1.熟悉用编码器-解码器的框架解决序列逆置任务的流程

2.补全rnn_with_atten.py文件中的融合注意力机制的RNN模型

• 根据提示，补全融合注意力机制的解码器代码，实现序列逆置任务

• 利用设定好的输入完成要求的RNN with attention模型

• 所有预设的网络层都应当用到

• 不能修改给定的对象属性，不能调用其他工具包，只能在“to do”下面书写代码，可以调试超参数

• 提交之后，测试集上的准确率应该提升到一个正确的范围内

• 可多次提交。即使对自己的代码没有自信也一定要提交，我们会酌情给过程分

• 本次Lab在截止日期之前将不公开榜单

• TO DO：完成《Attention Mechanism》项目。
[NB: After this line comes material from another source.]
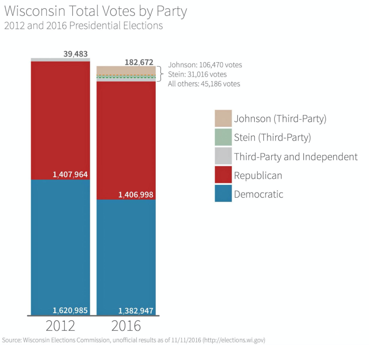 2012和2016年威斯康辛州的兩黨選民對比,共和黨人數基本持平,民主黨少了關鍵的二十多萬人(WEC)
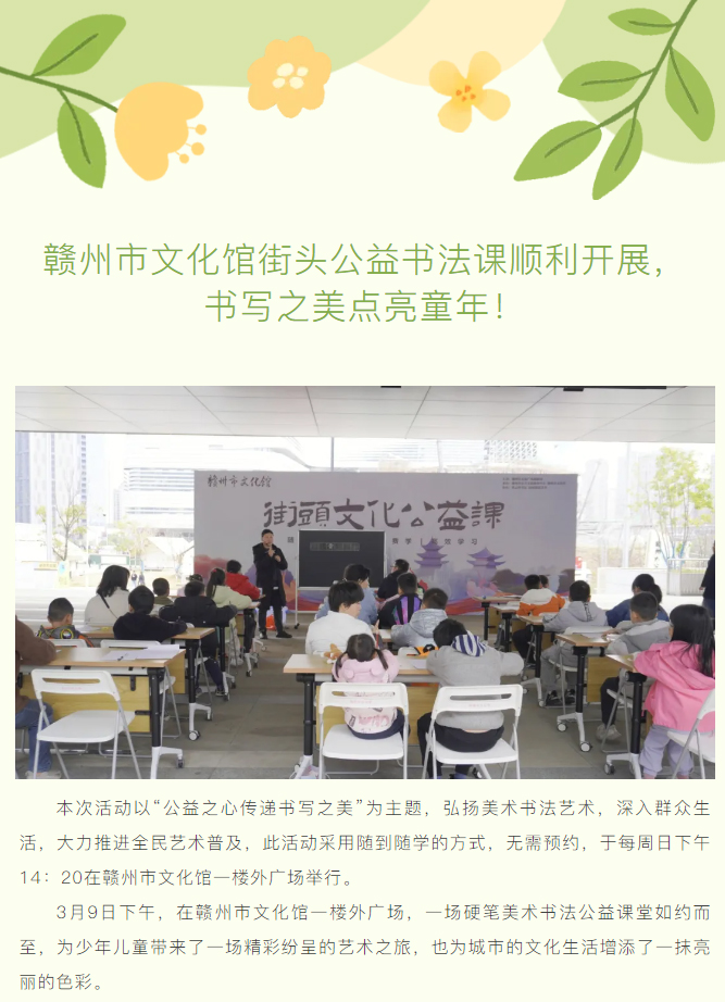 赣州市文化馆街头公益书法课顺利开展,书写之美点亮童年!

补全rnn_with_atten.py文件使exercise_reverse_sequence.py文件中的train_with_RNN()可以顺利执行。

• 输入一个序列要求模型输出序列的逆置

• 如：输入“ABCDEFG”，输出“GFEDCBA”

标准答案

def decode(self, dec_y, enc_hidden, state, is_first_step = True):
    dec_embs = self.emb_layer(dec_y)
    trg_len = dec_y.shape[1]

    outputs = []
    if is_first_step:
        state = self.mlp1(enc_hidden).mean(1).unsqueeze(1)
        # print(state.shape)
    else:
        state = state.transpose(1, 0)


    for t in range(trg_len):
        scores = torch.bmm(state, enc_hidden.transpose(2, 1))

        # 计算attention weights
        alpha = self.softmax(scores)  # (batch_size, 1, seq_len)

        # 计算context vector
        cont_vec = torch.bmm(alpha, enc_hidden).squeeze(1)
        input_vec = torch.cat([cont_vec, dec_embs[:, t, :]], 1).unsqueeze(1)
        sent_hidden, state = self.decoder(input_vec, state.transpose(0, 1))
        state = state.transpose(0, 1)

        # 输出预测字符
        pred = self.mlp2(sent_hidden)
        outputs += [pred]

    sent_outputs = torch.cat(outputs, dim = 1)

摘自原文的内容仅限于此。